Everytime I tell my friends that my younger sister has autism, everybody’s facial expression changes. Not an angry look of course, but a very sad look saying ‘Aww poor you’. I understand that it is very natural for them to feel sorry for me just because my sister is not ‘normal’. Growing up, I even have heard a person ‘advising’ me that I should stop caring and forget about my sister since it pains me alot. I think that person was very rude to just conclude that having an autistic sister is painful but it was his perspective so what can I do right?
For us, there are many things that are different from normal sisters and it became more obvious as I grew older. However, it never stressed me or made me depressed. I think it was very natural for me to accept how my sister was without any explanation maybe because I saw her from when she was young. Well, there are many things that I could not and most likely not be able to do with her. I cannot go shopping and have a girl talk together like other sisters. But those thing does not upset me. I am actually very happy with how she is. I notice that a lot of people do not believe this when I say this but I seriously mean it.

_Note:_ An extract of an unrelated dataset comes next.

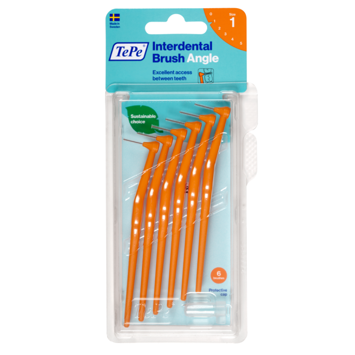 TePe Angle on suunniteltu hallittuun ja helppoon hammasvälien puhdistukseen. Harjan pää on pieni ja taivutettu, jotta se ulottuu helpommin takahampaiden väliin, sekä suulaen että kielen puolelta. Pitkällä, litteällä varrella saa hyvän ergonomisen otteen. TePe Angle on hyvä valinta, jos käsimotoriikka on heikentynyt. TePe Angle löytyy kuudessa värikoodatussa koossa, jotta se sopii kaikkiin hammasväleihin.Värikoodit ovat samat kuin Original-sarjassa. Kaikki koot on varustettu muovipäällysteisellä metallilangalla, joten hammasvälien puhdistaminen on hellävaraista ja turvallista. Etuja: Pieni taivutettu pää optimaaliseen ulottuvuuteen, pitkä, litteä varsi tekee harjasta helpon käsitellä, muovipäällysteinen metallilanka hellävaraiseen puhdistukseen.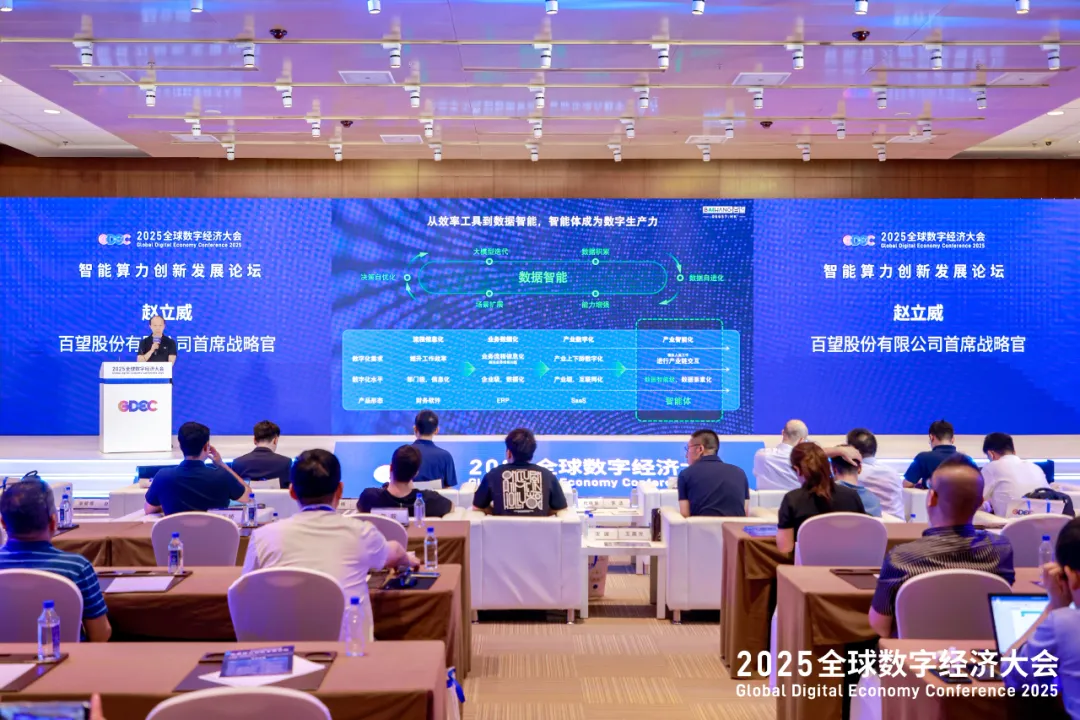 当日,“2025全球数字经济发展大会—智能算力创新发展论坛”同步举办,百望股份受邀出席。赵立威与参会嘉宾深度探讨了算力向生产力转化的实践。他指出,垂类大模型驱动的数据智能正在重构数字生产力,推动产业智能化升级。百望股份通过“百望大脑”融合多种模型与数据资源,为金融、税务等多领域提供智能解决方案,并展示了金融业务智能体等百望创新应用。

I believe that our relationship is more unique than other normal siblings’. We would tend to be silly with each other making stupid jokes that only two of us can understand. We would sing along and dance together all the time. We both do not really care if we can sing and dance well. We just do it more silly ways, especially me, to make each other laugh. Unlike how other people imagine, there are many things that we share and there are so many precious memories I have with her. Even though I cannot talk to her about any concerns I have but she just gives me strength by simply being there. Somehow she can even sense my feeling too and she would draw or make something for me to cheer me up.
She is the most important person in my life and I will do anything for her to be happy. She will be always my little younger sister and I will be there for her.
So, to answer my question, honestly, having an autistic sister is just amazing. I enjoy it alot and love it. Of course there are ups and downs but considering the things that she taught me and all the happiness she gave me, I cannot exchange this girl with anybody.